Old Media
I'm back from Detroit and gearing up for September, which includes blogging on a regular basis again!
The time with my family was tremendously satisfying. The neighbourhood I grew up in was unrecognisable - I misdirected the taxi the first night! The beauty of it all, the lushness and richness and civility I was surrounded by - just staggering! And it contrasted so starkly with the centre of old Detroit, a 20 minute car ride along the gorgeous lakefront of Lake St. Clair.
One day we drove from Jefferson towards I-94 on Woodward Avenue, the 42nd Street of Detroit when I was growing up. The shuttered and gated business premises stood cheek by jowl with deserted twenty story apartment buildings that looked burnt and bombed out. All this within a block or two of the main Detroit Art Gallery and the other museums across from it.
It reminded me of when I was little. I'd look out at the burnt out buildings that lined the expressway for miles on either side, but I never questioned why the city I lived in had such sordid architecture on show for all who drove through.
I accepted a lot of things when I was little. We were a newspaper reading family and I read the New York Times first every Sunday. This time I read the New York Times, the Detroit News and the Detroit Free Press regularly over the course of my visit and I raided the recycle pile to read the Sundays I'd missed.

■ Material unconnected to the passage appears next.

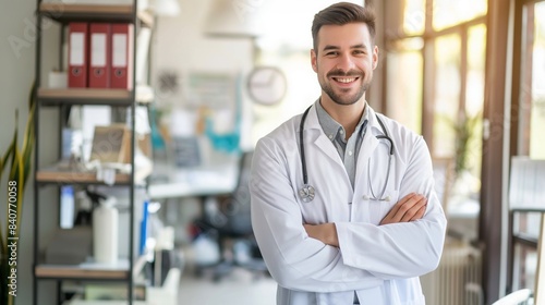 eastern, european, doctor, medicals, office, young, male, health care, professional, physician, portrait, confident, smiling, modern, practice, laboratory, coat, stethoscope, trust, competence, medicine, hospital, clinic, wellness, treatment, care, health, workplace, interior, light, shelf, folder, instrument, consultation, environment, patient, friendly, expertise, workspace, facility, ambient, room, background, occupation, approachable

The NYT on Sunday 14th had the familiar "all the news that's fit to print" in the corner. However, every single front page article either misused statistics or misrepresented the facts as I knew them. The one fact I knew well was that Saturday the 13th was not chaos at Heathrow for British Airways, despite the headline and Titanic allusion:
However, I've had experience of how editors will use a good photograph whatever the story behind it because the Observer had used a great photo of a girl I know crying to illustrate passengers' frustrations.
I was still surprised that the Sunday NYT used her photo too:
There is a happy ending to this story, over and above the thousands of air miles and handful of tier points British Airways have given me. I was sitting in Chicago airport late on Monday the 15th, waiting for my millionth connection of the day. In the crowded American Airlines terminal, someone plunked themselves down in the seat next to me. "Carol!" "Djina!" There she was looking as cute as ever with teddy bear in tow.
She filled me in on her "traumatic" times. "British Airways paid for a hotel for me in Charing Cross, food and everything and I've had two days to sightsee around London." "Djina, you were on the front page of the Observer, I put you on my blog." A guy sitting behind us turned around and said "that's a big deal". He typed planningblog into his blackberry and Djina got to see how touching she looked while crying. She was delighted! I don't believe in coincidence. We were meant to know each other.